Moderate direct relevance — confirms the core DynamICCL problem.

1. NCCL communication is the unpredictable component. The paper reports up to 52% component-level prediction error for DP_AllReduce and PP_P2P, explicitly because NCCL's runtime algorithm selection (ring vs. tree vs. CollNet), protocol choices (LL/LL128/Simple), and sensitivity to network congestion introduce discontinuities that regression cannot capture. This is precisely the parameter space DynamICCL optimizes over. The paper's failure mode (predicting NCCL behavior) is DynamICCL's value proposition (controlling NCCL behavior).

2. Feature space for DynamICCL state design. The communication operator feature vectors in Table I — specifically [|entries|, |nodes|, |GPUs/nodes|] for DP_AllReduce/AllGather — provide a principled starting point for Agent-2's state vector. Message size, topology (node count, GPUs/node), and collective type are natural features.

3. Parallelism-induced communication diversity.
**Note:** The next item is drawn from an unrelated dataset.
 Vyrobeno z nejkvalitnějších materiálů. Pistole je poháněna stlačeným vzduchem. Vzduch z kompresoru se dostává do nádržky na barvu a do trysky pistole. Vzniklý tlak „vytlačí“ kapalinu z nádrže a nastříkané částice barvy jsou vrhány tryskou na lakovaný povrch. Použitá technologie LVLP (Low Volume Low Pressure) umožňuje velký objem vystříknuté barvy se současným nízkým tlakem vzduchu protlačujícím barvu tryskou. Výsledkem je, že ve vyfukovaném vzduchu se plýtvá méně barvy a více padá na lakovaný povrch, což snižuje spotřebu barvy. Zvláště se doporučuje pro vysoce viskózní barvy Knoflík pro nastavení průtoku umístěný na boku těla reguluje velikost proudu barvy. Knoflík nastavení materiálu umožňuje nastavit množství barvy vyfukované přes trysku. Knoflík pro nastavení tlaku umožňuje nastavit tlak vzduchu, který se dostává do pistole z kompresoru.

The paper demonstrates that MP degree significantly affects AllReduce communication volume and frequency: MP_AllReduce is invoked 1-2 times per encoder forward pass and 2 times per backward pass. DynamICCL's NCCL parameter selection must adapt to these different workload regimes, reinforcing the need for collective-type-aware and message-size-aware RL policy.
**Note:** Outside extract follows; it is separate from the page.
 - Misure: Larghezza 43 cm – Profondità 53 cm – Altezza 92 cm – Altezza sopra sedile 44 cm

4. Vista GH200 + InfiniBand architecture parallel. GH200's single-GPU-per-node design forces all collectives onto inter-node InfiniBand, producing high variability (up to 108.3% min-to-average variation). DynamICCL operating on similar infrastructure faces the same jitter challenge, directly motivating Agent-1's (LSTM+CUSUM) congestion detection role: the agent needs to distinguish normal InfiniBand jitter from genuine sustained congestion.

5. CPU-only prediction framework. The framework runs entirely on CPUs, which is also a design goal for DynamICCL's tuner plugin (making parameter selection decisions at collective call time without GPU overhead). The framework's fast inference speed (tree-based regressors) aligns with the latency requirements of a real-time NCCL tuner.

One important gap: This paper assumes NCCL default configuration and models its output as a black box. DynamICCL explicitly replaces the black box with a controllable agent. The two works are therefore complementary: this paper shows why NCCL defaults are hard to predict; DynamICCL shows how to actively improve on them.